Managing Journal Size

shell
# View recent journal entries
# Check current journal size
journalctl --disk-usage

# Remove old journal entries (keep last 2 days)
journalctl --vacuum-time=2d

# Limit journal size to 1GB
journalctl --vacuum-size=1G

# Configure persistent limits in /etc/systemd/journald.conf
SystemMaxUse=1G
SystemKeepFree=500M
Configuration Parameters

Table: Journal Source

ParameterTypeRequiredDefault ValueDescription
currentBootOnlybooleanoptional[a] false If true, only collect logs from the current boot.
directorystringoptional[a]   Allows you to specify the journal directory to collect from. If not specified collection is from the local journal.
excludeUnitsarray of stringsoptional[a]   If specified, LogScale will not collect from these units.
includeUnitsarray of stringsoptional[a]   If specified, LogScale only collects from these units.
parserstringoptional[a]   Specify the parser used to parse the logs.

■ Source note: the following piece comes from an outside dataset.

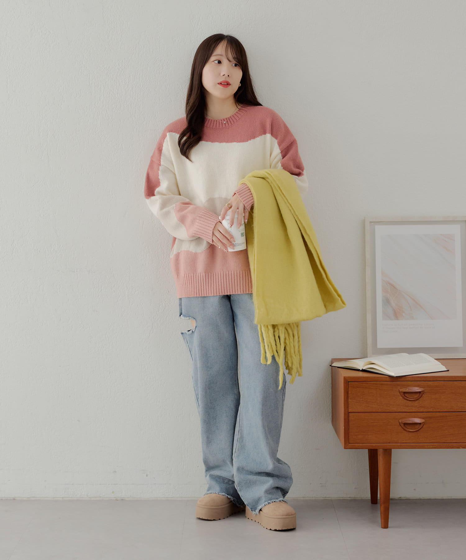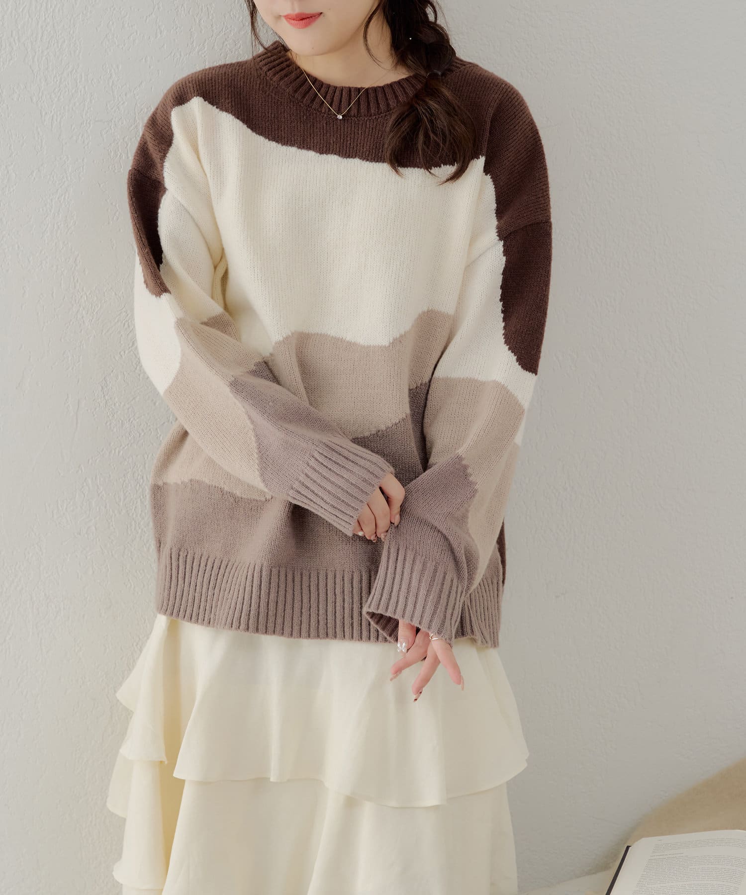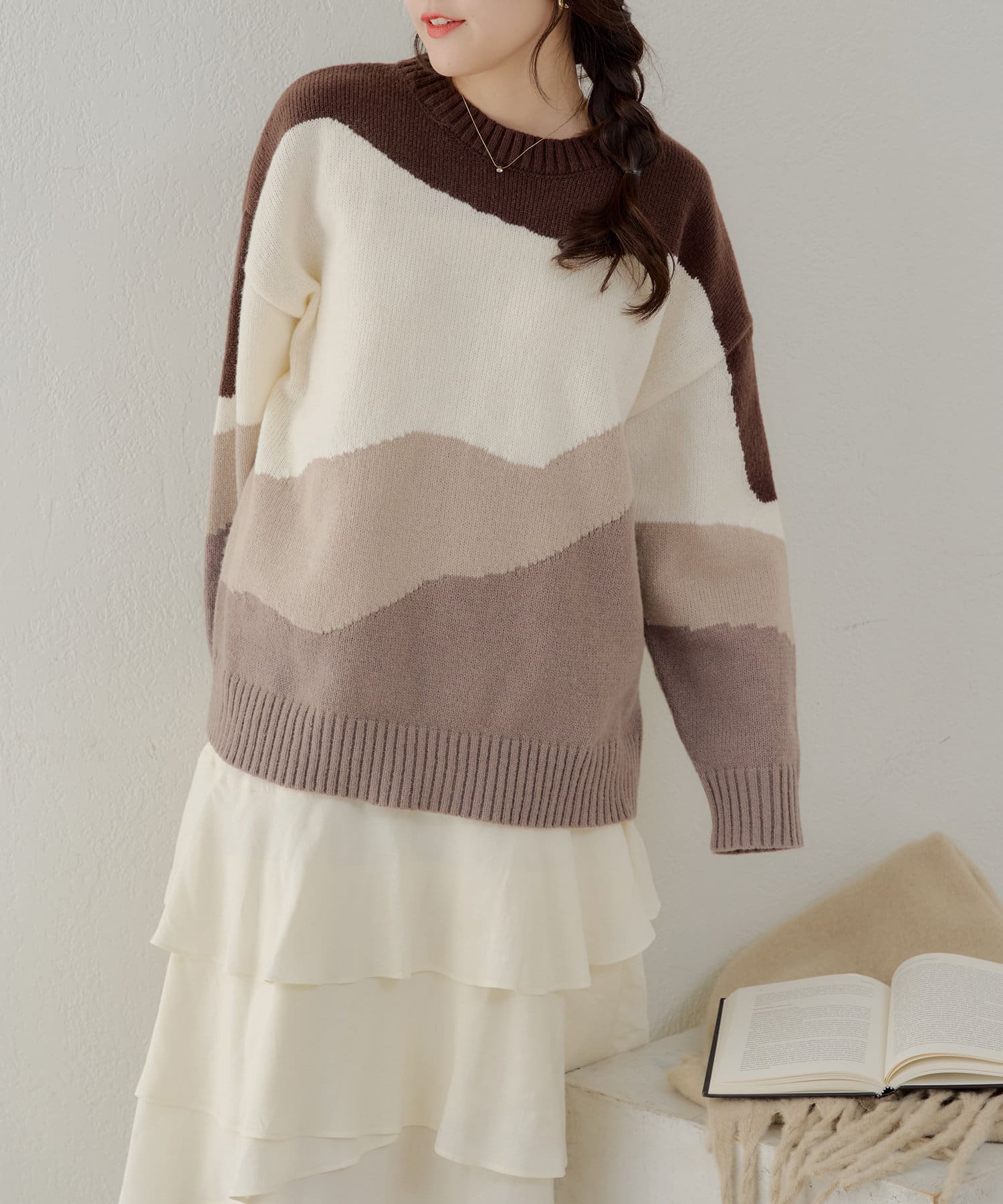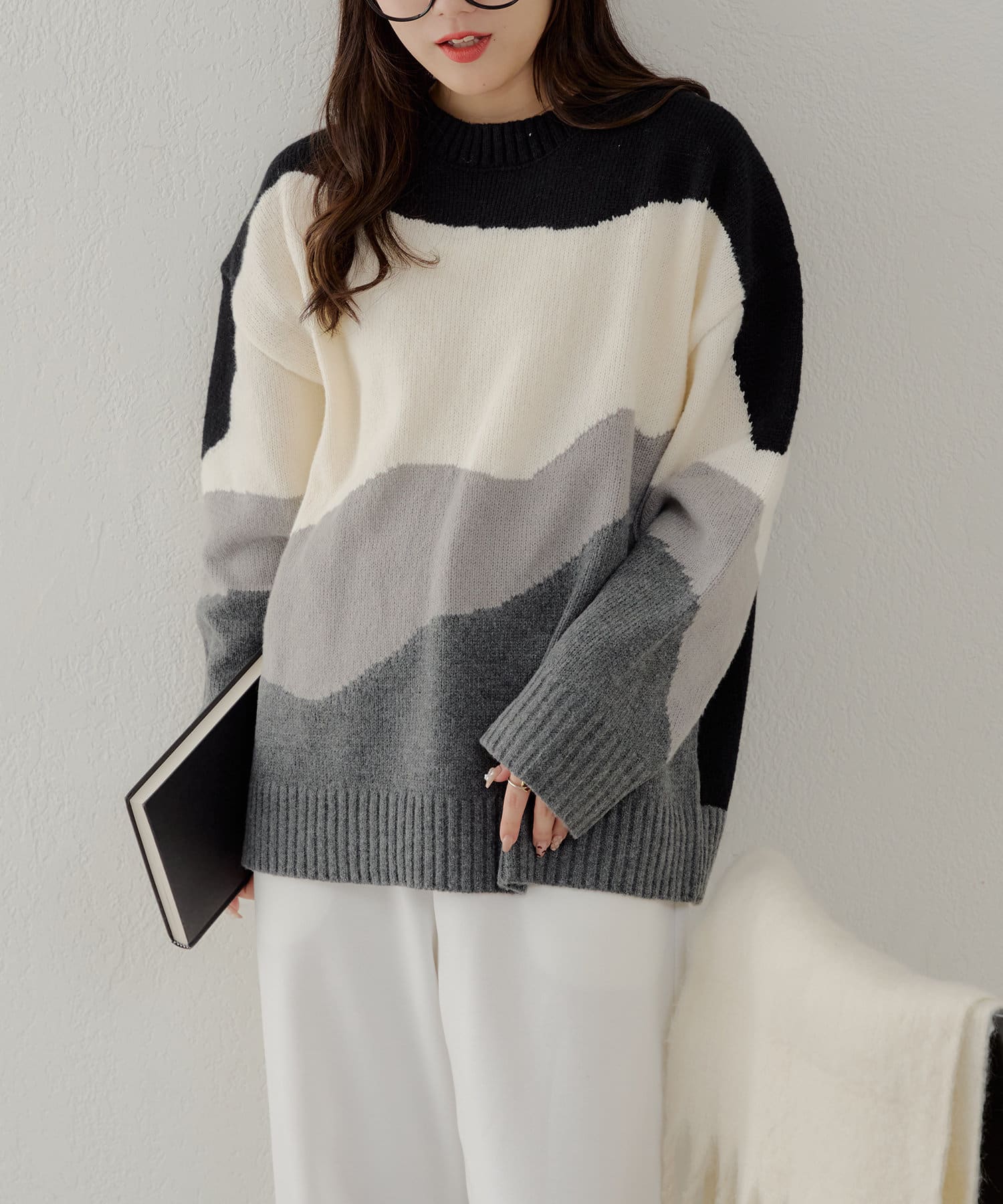 ・グラデーションのカラー切替がかわいい主役級ニット。

If you install the parser through a package you must specify the type and name as displayed on the parser's page. For example linux/system-logs:linux/system-logs. If a parser is assigned to the ingest token, this parser is ignored.
sinkstringrequired   Name of the sink that collected events should be sent to.
transformstransformoptional[a]   Specify transforms to use for this source (optional). See All Sources: How to Use Transforms to learn how to use transforms.
typejournaldrequired   The source type must be set to journald.

[a] Optional parameters use their default value unless explicitly set.